→ **Work task**:
Reproduce all records verbatim.
——
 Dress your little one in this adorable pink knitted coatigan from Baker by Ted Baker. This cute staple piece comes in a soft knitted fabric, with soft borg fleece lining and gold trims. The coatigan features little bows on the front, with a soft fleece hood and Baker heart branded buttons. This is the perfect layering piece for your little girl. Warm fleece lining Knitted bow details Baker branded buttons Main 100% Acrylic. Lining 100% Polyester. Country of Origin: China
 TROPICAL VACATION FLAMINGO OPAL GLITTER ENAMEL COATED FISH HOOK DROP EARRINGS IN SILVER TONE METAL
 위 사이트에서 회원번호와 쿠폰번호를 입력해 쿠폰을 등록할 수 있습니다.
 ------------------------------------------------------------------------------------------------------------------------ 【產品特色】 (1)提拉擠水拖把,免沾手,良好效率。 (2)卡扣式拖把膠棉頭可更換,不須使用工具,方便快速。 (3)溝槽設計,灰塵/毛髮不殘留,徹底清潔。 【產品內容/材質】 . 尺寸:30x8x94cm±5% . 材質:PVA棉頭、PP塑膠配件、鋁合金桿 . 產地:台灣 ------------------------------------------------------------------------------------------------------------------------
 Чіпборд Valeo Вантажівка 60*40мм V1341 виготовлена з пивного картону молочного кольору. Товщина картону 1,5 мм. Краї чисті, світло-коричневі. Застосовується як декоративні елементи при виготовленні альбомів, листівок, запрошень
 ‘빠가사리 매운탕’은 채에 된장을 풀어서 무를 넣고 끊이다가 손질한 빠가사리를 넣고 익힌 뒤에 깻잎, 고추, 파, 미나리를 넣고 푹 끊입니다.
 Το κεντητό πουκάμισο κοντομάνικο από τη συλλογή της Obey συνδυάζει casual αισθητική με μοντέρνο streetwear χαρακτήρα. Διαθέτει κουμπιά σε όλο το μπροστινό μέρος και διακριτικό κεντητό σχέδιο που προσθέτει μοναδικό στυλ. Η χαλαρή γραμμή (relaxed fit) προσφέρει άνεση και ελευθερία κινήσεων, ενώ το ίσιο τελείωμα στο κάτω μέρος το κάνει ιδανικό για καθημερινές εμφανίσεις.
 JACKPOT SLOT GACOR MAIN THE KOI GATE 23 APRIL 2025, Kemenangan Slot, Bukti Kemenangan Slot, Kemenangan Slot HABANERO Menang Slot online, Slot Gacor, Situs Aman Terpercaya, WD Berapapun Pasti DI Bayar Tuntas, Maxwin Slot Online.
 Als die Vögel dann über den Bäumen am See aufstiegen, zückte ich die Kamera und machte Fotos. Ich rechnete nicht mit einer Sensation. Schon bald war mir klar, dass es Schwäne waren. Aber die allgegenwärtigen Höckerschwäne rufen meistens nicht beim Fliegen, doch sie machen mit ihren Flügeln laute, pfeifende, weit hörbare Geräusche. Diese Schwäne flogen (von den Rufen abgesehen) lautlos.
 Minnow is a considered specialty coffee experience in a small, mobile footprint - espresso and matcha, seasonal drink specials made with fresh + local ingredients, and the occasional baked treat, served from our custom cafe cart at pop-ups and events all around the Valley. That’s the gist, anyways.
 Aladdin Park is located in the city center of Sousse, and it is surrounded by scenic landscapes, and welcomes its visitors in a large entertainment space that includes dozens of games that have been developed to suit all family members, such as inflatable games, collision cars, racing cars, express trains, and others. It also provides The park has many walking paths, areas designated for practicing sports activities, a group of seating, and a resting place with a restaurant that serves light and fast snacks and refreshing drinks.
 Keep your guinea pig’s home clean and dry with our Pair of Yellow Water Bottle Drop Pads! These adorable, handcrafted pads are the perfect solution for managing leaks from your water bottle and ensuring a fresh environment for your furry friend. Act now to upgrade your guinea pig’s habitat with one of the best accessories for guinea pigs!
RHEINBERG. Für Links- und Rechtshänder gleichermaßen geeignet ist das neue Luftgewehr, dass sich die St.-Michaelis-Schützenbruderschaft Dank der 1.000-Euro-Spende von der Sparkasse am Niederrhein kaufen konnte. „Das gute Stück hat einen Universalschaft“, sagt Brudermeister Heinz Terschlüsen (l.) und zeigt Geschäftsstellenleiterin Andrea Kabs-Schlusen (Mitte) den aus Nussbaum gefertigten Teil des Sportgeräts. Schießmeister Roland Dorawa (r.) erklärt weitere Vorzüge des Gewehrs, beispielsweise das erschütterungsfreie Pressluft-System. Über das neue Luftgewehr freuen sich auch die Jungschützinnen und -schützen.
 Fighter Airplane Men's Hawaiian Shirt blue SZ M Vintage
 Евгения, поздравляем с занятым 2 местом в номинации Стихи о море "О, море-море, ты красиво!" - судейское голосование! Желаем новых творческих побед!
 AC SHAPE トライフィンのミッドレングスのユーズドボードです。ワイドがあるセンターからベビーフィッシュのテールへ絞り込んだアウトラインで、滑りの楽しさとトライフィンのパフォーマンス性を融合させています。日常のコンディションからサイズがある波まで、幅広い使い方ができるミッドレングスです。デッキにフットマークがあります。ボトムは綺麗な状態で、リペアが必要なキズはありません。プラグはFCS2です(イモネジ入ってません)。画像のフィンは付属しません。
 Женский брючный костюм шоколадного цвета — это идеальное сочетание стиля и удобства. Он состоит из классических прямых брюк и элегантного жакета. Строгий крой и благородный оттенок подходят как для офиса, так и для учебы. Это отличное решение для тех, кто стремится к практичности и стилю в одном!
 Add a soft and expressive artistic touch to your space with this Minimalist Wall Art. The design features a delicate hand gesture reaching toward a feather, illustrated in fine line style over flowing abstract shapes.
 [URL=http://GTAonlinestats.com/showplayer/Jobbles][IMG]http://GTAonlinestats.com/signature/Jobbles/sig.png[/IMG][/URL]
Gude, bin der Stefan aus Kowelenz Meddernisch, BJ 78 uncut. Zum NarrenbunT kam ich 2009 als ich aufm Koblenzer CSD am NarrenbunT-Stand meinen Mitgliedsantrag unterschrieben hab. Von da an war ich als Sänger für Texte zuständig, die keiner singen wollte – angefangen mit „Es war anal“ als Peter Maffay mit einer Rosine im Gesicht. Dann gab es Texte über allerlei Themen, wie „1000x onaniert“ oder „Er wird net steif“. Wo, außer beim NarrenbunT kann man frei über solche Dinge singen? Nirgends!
——
→ **Exercise answer**:
 Dress your little one in this adorable pink knitted coatigan from Baker by Ted Baker. This cute staple piece comes in a soft knitted fabric, with soft borg fleece lining and gold trims. The coatigan features little bows on the front, with a soft fleece hood and Baker heart branded buttons. This is the perfect layering piece for your little girl. Warm fleece lining Knitted bow details Baker branded buttons Main 100% Acrylic. Lining 100% Polyester. Country of Origin: China
 TROPICAL VACATION FLAMINGO OPAL GLITTER ENAMEL COATED FISH HOOK DROP EARRINGS IN SILVER TONE METAL
 위 사이트에서 회원번호와 쿠폰번호를 입력해 쿠폰을 등록할 수 있습니다.
 ------------------------------------------------------------------------------------------------------------------------ 【產品特色】 (1)提拉擠水拖把,免沾手,良好效率。 (2)卡扣式拖把膠棉頭可更換,不須使用工具,方便快速。 (3)溝槽設計,灰塵/毛髮不殘留,徹底清潔。 【產品內容/材質】 . 尺寸:30x8x94cm±5% . 材質:PVA棉頭、PP塑膠配件、鋁合金桿 . 產地:台灣 ------------------------------------------------------------------------------------------------------------------------
 Чіпборд Valeo Вантажівка 60*40мм V1341 виготовлена з пивного картону молочного кольору. Товщина картону 1,5 мм. Краї чисті, світло-коричневі. Застосовується як декоративні елементи при виготовленні альбомів, листівок, запрошень
 ‘빠가사리 매운탕’은 채에 된장을 풀어서 무를 넣고 끊이다가 손질한 빠가사리를 넣고 익힌 뒤에 깻잎, 고추, 파, 미나리를 넣고 푹 끊입니다.
 Το κεντητό πουκάμισο κοντομάνικο από τη συλλογή της Obey συνδυάζει casual αισθητική με μοντέρνο streetwear χαρακτήρα. Διαθέτει κουμπιά σε όλο το μπροστινό μέρος και διακριτικό κεντητό σχέδιο που προσθέτει μοναδικό στυλ. Η χαλαρή γραμμή (relaxed fit) προσφέρει άνεση και ελευθερία κινήσεων, ενώ το ίσιο τελείωμα στο κάτω μέρος το κάνει ιδανικό για καθημερινές εμφανίσεις.
 JACKPOT SLOT GACOR MAIN THE KOI GATE 23 APRIL 2025, Kemenangan Slot, Bukti Kemenangan Slot, Kemenangan Slot HABANERO Menang Slot online, Slot Gacor, Situs Aman Terpercaya, WD Berapapun Pasti DI Bayar Tuntas, Maxwin Slot Online.
 Als die Vögel dann über den Bäumen am See aufstiegen, zückte ich die Kamera und machte Fotos. Ich rechnete nicht mit einer Sensation. Schon bald war mir klar, dass es Schwäne waren. Aber die allgegenwärtigen Höckerschwäne rufen meistens nicht beim Fliegen, doch sie machen mit ihren Flügeln laute, pfeifende, weit hörbare Geräusche. Diese Schwäne flogen (von den Rufen abgesehen) lautlos.
 Minnow is a considered specialty coffee experience in a small, mobile footprint - espresso and matcha, seasonal drink specials made with fresh + local ingredients, and the occasional baked treat, served from our custom cafe cart at pop-ups and events all around the Valley. That’s the gist, anyways.
 Aladdin Park is located in the city center of Sousse, and it is surrounded by scenic landscapes, and welcomes its visitors in a large entertainment space that includes dozens of games that have been developed to suit all family members, such as inflatable games, collision cars, racing cars, express trains, and others. It also provides The park has many walking paths, areas designated for practicing sports activities, a group of seating, and a resting place with a restaurant that serves light and fast snacks and refreshing drinks.
 Keep your guinea pig’s home clean and dry with our Pair of Yellow Water Bottle Drop Pads! These adorable, handcrafted pads are the perfect solution for managing leaks from your water bottle and ensuring a fresh environment for your furry friend. Act now to upgrade your guinea pig’s habitat with one of the best accessories for guinea pigs!
RHEINBERG. Für Links- und Rechtshänder gleichermaßen geeignet ist das neue Luftgewehr, dass sich die St.-Michaelis-Schützenbruderschaft Dank der 1.000-Euro-Spende von der Sparkasse am Niederrhein kaufen konnte. „Das gute Stück hat einen Universalschaft“, sagt Brudermeister Heinz Terschlüsen (l.) und zeigt Geschäftsstellenleiterin Andrea Kabs-Schlusen (Mitte) den aus Nussbaum gefertigten Teil des Sportgeräts. Schießmeister Roland Dorawa (r.) erklärt weitere Vorzüge des Gewehrs, beispielsweise das erschütterungsfreie Pressluft-System. Über das neue Luftgewehr freuen sich auch die Jungschützinnen und -schützen.
 Fighter Airplane Men's Hawaiian Shirt blue SZ M Vintage
 Евгения, поздравляем с занятым 2 местом в номинации Стихи о море "О, море-море, ты красиво!" - судейское голосование! Желаем новых творческих побед!
 AC SHAPE トライフィンのミッドレングスのユーズドボードです。ワイドがあるセンターからベビーフィッシュのテールへ絞り込んだアウトラインで、滑りの楽しさとトライフィンのパフォーマンス性を融合させています。日常のコンディションからサイズがある波まで、幅広い使い方ができるミッドレングスです。デッキにフットマークがあります。ボトムは綺麗な状態で、リペアが必要なキズはありません。プラグはFCS2です(イモネジ入ってません)。画像のフィンは付属しません。
 Женский брючный костюм шоколадного цвета — это идеальное сочетание стиля и удобства. Он состоит из классических прямых брюк и элегантного жакета. Строгий крой и благородный оттенок подходят как для офиса, так и для учебы. Это отличное решение для тех, кто стремится к практичности и стилю в одном!
 Add a soft and expressive artistic touch to your space with this Minimalist Wall Art. The design features a delicate hand gesture reaching toward a feather, illustrated in fine line style over flowing abstract shapes.
 [URL=http://GTAonlinestats.com/showplayer/Jobbles][IMG]http://GTAonlinestats.com/signature/Jobbles/sig.png[/IMG][/URL]
Gude, bin der Stefan aus Kowelenz Meddernisch, BJ 78 uncut. Zum NarrenbunT kam ich 2009 als ich aufm Koblenzer CSD am NarrenbunT-Stand meinen Mitgliedsantrag unterschrieben hab. Von da an war ich als Sänger für Texte zuständig, die keiner singen wollte – angefangen mit „Es war anal“ als Peter Maffay mit einer Rosine im Gesicht. Dann gab es Texte über allerlei Themen, wie „1000x onaniert“ oder „Er wird net steif“. Wo, außer beim NarrenbunT kann man frei über solche Dinge singen? Nirgends!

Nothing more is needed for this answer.